In the first one, Blanca and I are on either side of Simón, laughing with our heads thrown back, a red glow behind us.

Simón smiles directly at the camera, his eyes bright.

I’m wearing his hat, my hair cascading out of it.

We all look happy. In the other, it’s the two of us.

We were sitting close together, talking about my mother plucking the microphone out of someone’s hands because they were singing her only hit wrong.

Blanca yelled “PICTURE!” We looked up, half smiling because we were laughing. Blanca refused to show me the result.

I read Simón’s last text.

Simón: let me know if you want these burned or framed.

And then I read it again. And again.

Framed. I want them framed. One on my nightstand, the other on my living room table.

I know exactly what kinds of frames I would use, exactly where they’d go, exactly which trinkets they would look good next to.

I can’t ignore the sting in my chest when I think about it.

Or the quickening beat of my heart, or the heat on my face, or the sudden burst of anxiety as my brain weighs the implications.

I leave Simón’s texts unanswered and go to a different, more familiar chat.

Yo: dinner tomorrow night?

I hit send before I regret it. This is the path I chose. This is what I’ve been working toward. This is the future I had planned out. My eyes zero in on the text right above this one, from last night, thirteen minutes before midnight.

Yo: yellow for the riches, blue for the Caribbean sea, red for the blood spilled

I frown. Why the hell was I explaining to Alejandro what each color in our flag represents at 11:47 p.m.?!

Ale: tomorrow night doesn’t work for me, I’m working the night shift at the clinic until Thursday. Friday?

And a second later:

Simón: are you feeling better?

I send the same reply to both of them.

Yo: yes.

Simón replies first.

Simón: I’m proud of you for what you did last night

Simón: you seemed to be having fun

That’s the thing. I did have fun. After I got there, after Blanca and Gustavo understood how I felt about Ale’s birthday, after I had that conversation with Simón, after singing…

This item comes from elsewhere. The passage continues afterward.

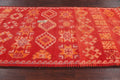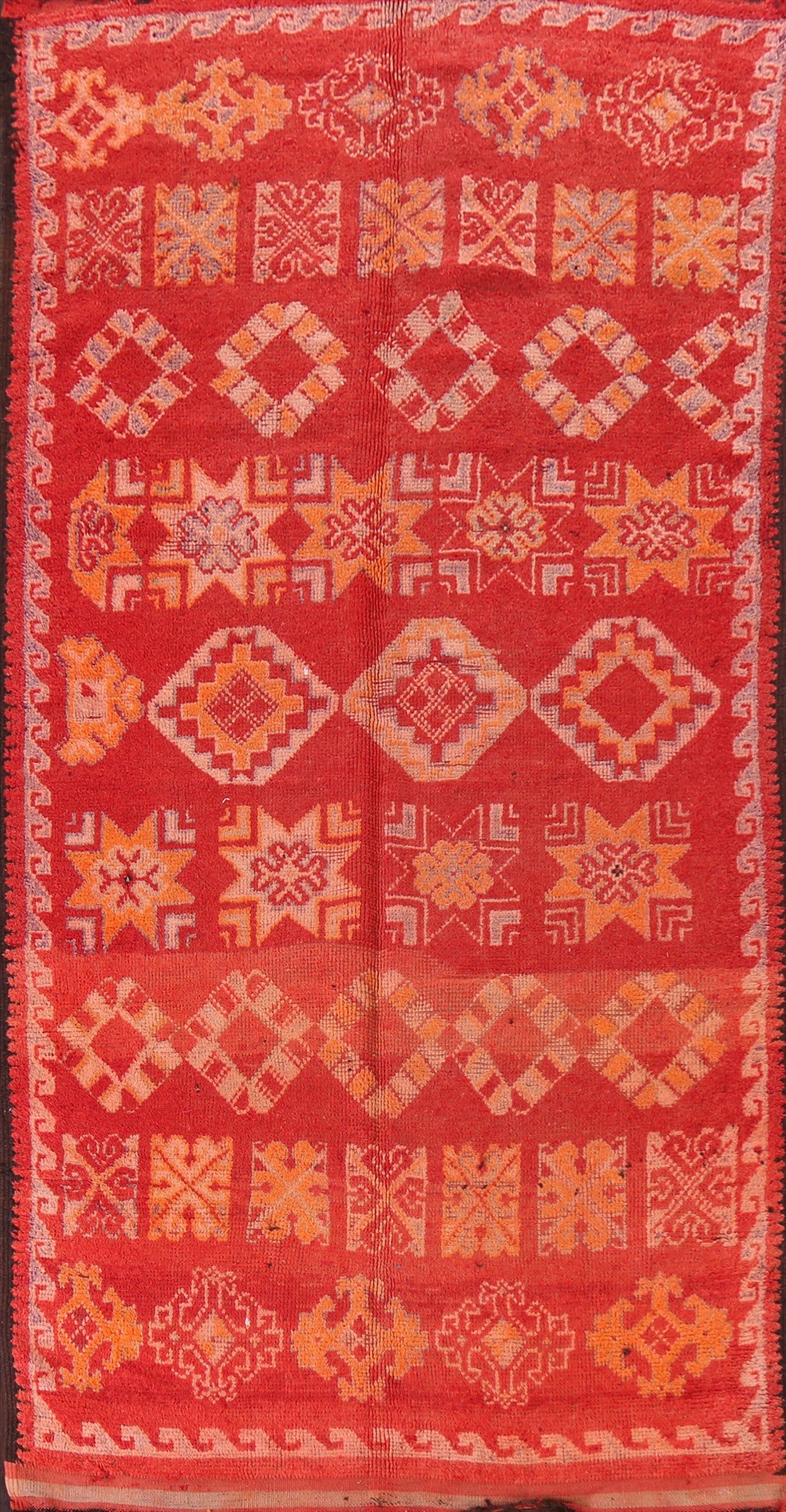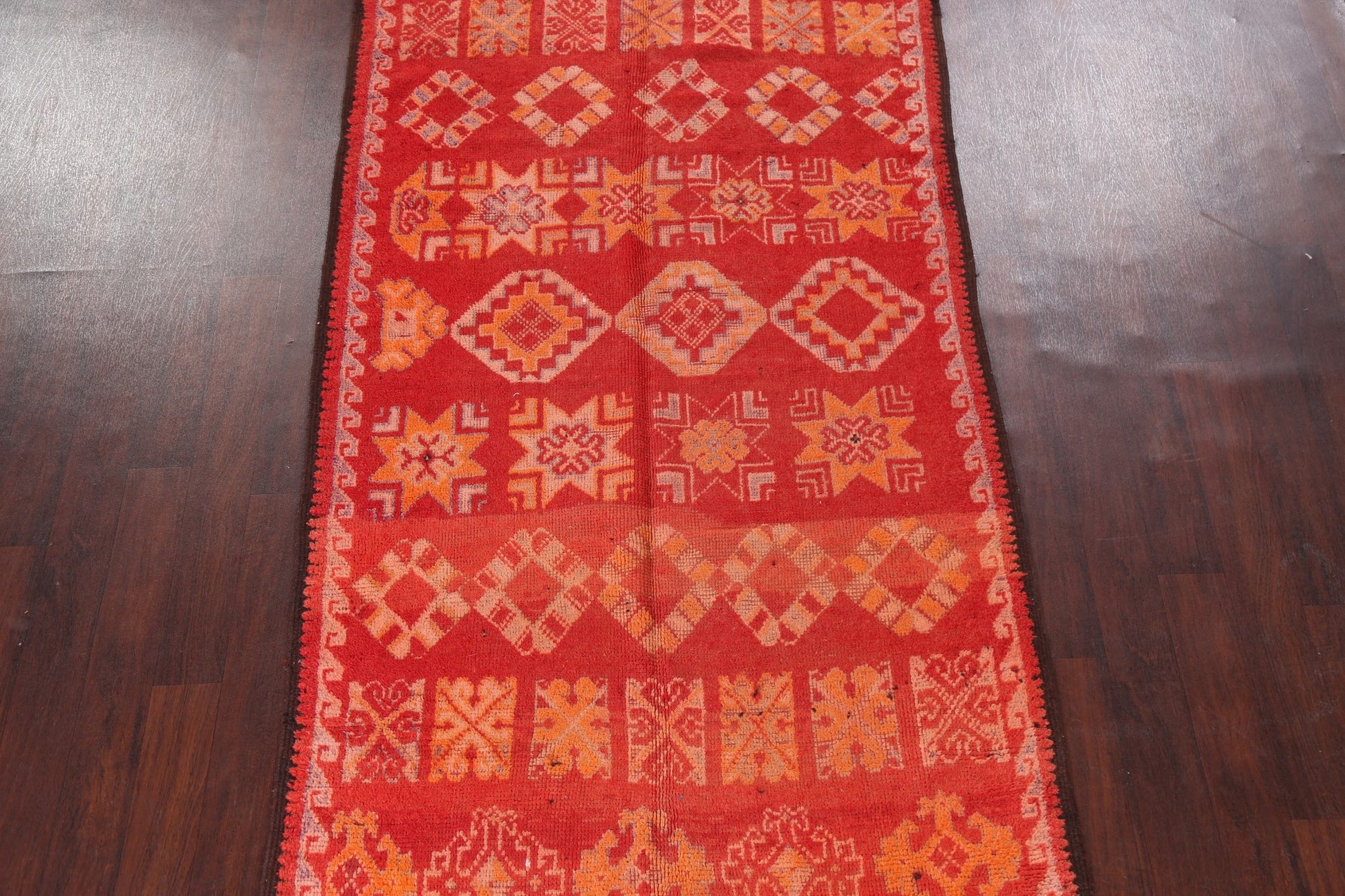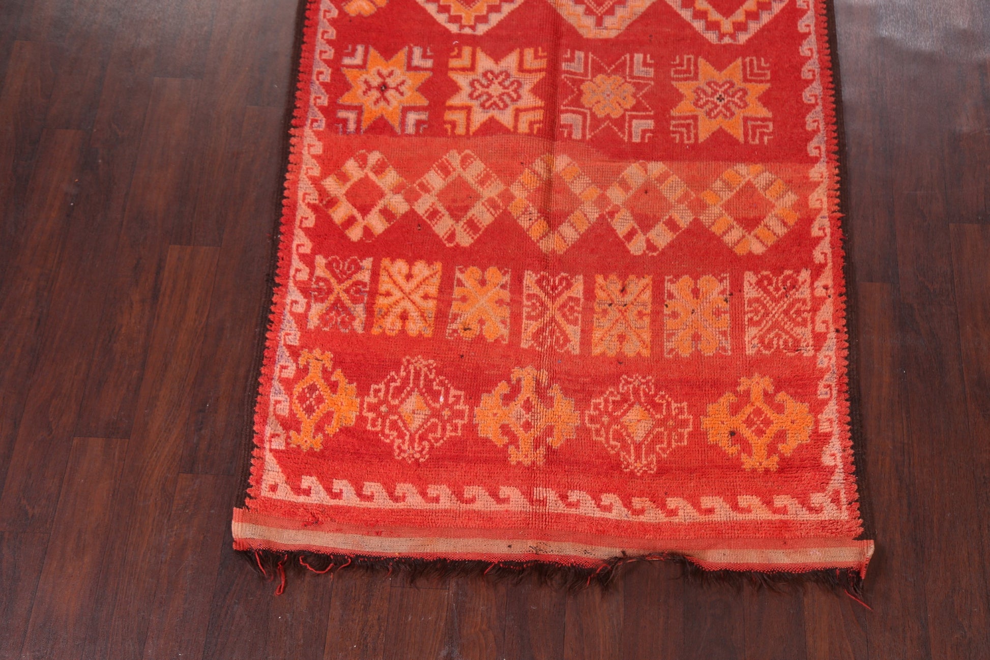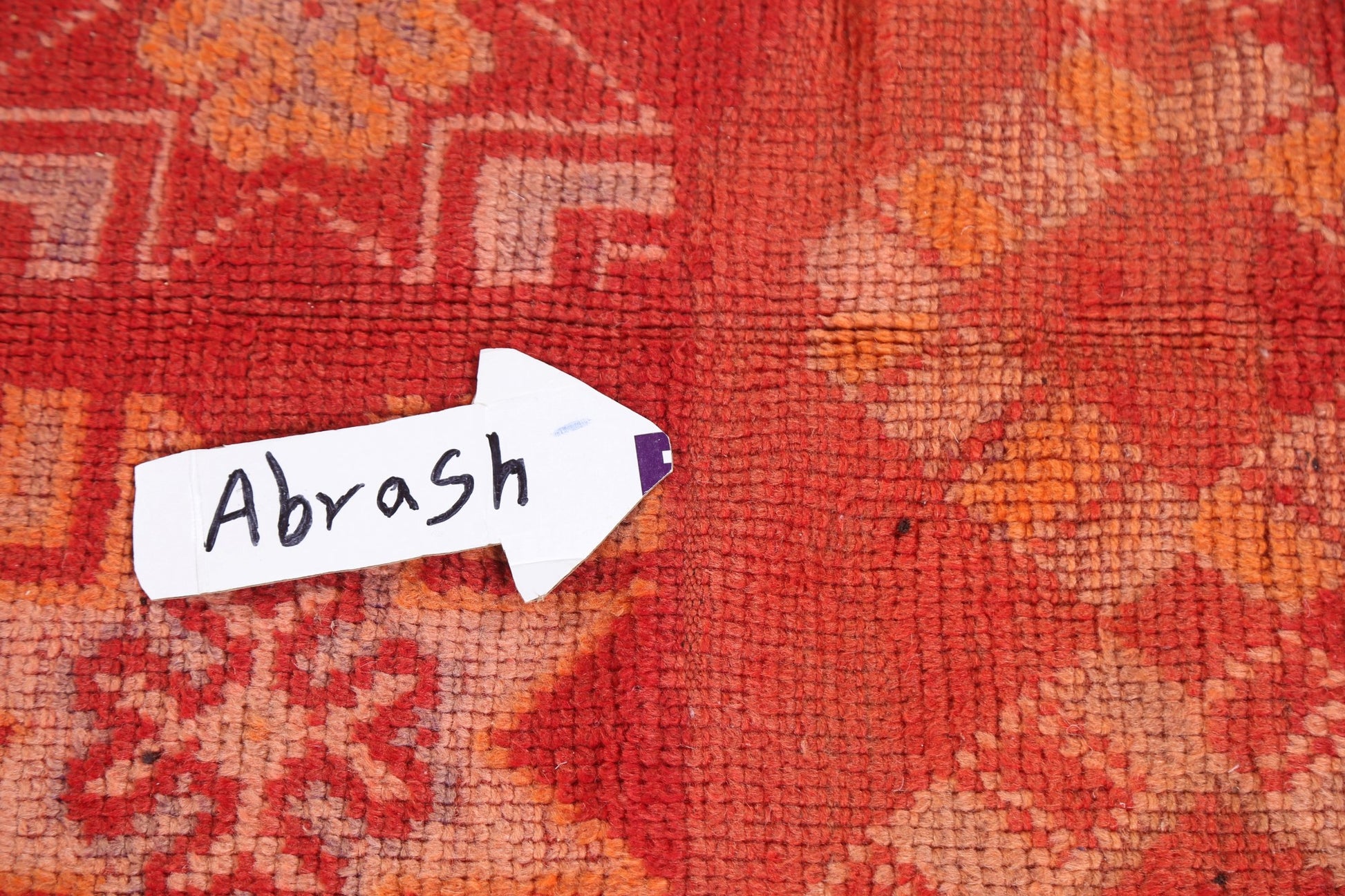 A Beautiful Genuine Morocco Moroccan rug is Hand Knotted by skillful weavers in Morocco with 100% Wool Material. This rug is in Very Good (Low Pile-Abrash) condition. dimensions are 10' 0'' X 4' 8'' in foot and 305 X 142 in centimeter. the primary color is Red.

I couldn’t remember why I was sad in the first place.

I couldn’t remember that it was all supposed to be for show.

I liked that I stepped out of my comfort zone, that I didn’t take myself too seriously for three minutes.

I liked that I was offered the room to do it while still feeling safe.

I don’t know if I would have been able to do it if Alejandro had been there.

Yo: I was

Yo: it’s the most fun I’ve had in a while

And isn’t that sad? Living a perfectly planned out life, thinking I was content, when it turns out I was just bored.

Maybe Alejandro is right in some of the things he said.

Maybe I am controlling and I need to loosen up a little.

It’s not the karaoke and the drinking that made the night fun, though.

That’s not what I’m missing. It’s freedom, I think.

Allowing myself to be messy from time to time.

Simón: this week’s homework is easy.

Simón: all I need you to do is hold on to that memory and not feel guilty about it.

Simón: you’re allowed to be happy, even when you’re sad

The step I’m sitting on grows cold as a draft of cold night air snakes through the window.

On the floor above mine, a dog barks. I hate that Simón can see me so thoroughly, that he knows I would feel guilty about having fun without Alejandro if I sat with my thoughts long enough.

Well, he can ask me not to feel guilty all he wants. That doesn’t mean I know how.

Groaning, I stomp into my apartment and lock myself in my bedroom, hell-bent on focusing on the one thing I can control: me. I have an article to write and damn it, I’m going to write it.